● **Records for the task**
- - - - - - -

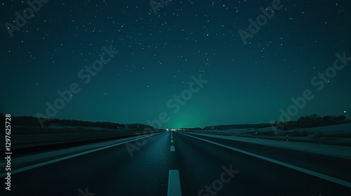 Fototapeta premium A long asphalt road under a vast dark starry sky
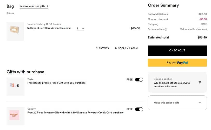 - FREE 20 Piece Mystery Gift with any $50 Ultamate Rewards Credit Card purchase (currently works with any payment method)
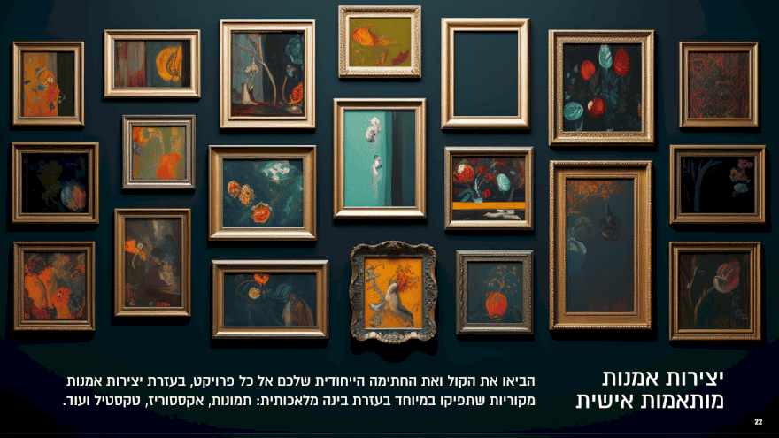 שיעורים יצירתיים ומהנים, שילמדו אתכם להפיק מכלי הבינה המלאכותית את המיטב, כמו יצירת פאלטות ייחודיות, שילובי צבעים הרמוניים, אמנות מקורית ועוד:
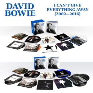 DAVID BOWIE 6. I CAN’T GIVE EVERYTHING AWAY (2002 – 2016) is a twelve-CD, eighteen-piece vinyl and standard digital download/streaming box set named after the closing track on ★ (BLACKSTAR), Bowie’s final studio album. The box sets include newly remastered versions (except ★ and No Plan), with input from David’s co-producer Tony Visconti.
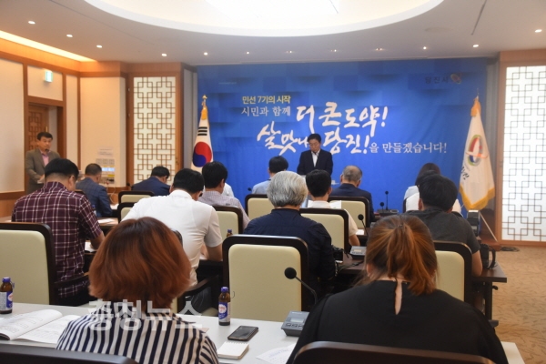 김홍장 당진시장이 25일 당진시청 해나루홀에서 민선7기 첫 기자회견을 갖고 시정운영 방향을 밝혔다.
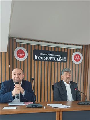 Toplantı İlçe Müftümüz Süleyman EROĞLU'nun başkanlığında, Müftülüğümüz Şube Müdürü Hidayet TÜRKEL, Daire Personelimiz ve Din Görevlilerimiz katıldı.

- - - - - - -

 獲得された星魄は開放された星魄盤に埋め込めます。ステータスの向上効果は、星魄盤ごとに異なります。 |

- - - - - - -

● **Directions for this task**
Since the pictures are not part of the copy, please transcribe only the lines above from the one with "Fototapeta premium A" through the one with "Toplantı İlçe Müftümüz", exactly and with both ends.

● **Solution**
 Fototapeta premium A long asphalt road under a vast dark starry sky
 - FREE 20 Piece Mystery Gift with any $50 Ultamate Rewards Credit Card purchase (currently works with any payment method)
 שיעורים יצירתיים ומהנים, שילמדו אתכם להפיק מכלי הבינה המלאכותית את המיטב, כמו יצירת פאלטות ייחודיות, שילובי צבעים הרמוניים, אמנות מקורית ועוד:
 DAVID BOWIE 6. I CAN’T GIVE EVERYTHING AWAY (2002 – 2016) is a twelve-CD, eighteen-piece vinyl and standard digital download/streaming box set named after the closing track on ★ (BLACKSTAR), Bowie’s final studio album. The box sets include newly remastered versions (except ★ and No Plan), with input from David’s co-producer Tony Visconti.
 김홍장 당진시장이 25일 당진시청 해나루홀에서 민선7기 첫 기자회견을 갖고 시정운영 방향을 밝혔다.
 Toplantı İlçe Müftümüz Süleyman EROĞLU'nun başkanlığında, Müftülüğümüz Şube Müdürü Hidayet TÜRKEL, Daire Personelimiz ve Din Görevlilerimiz katıldı.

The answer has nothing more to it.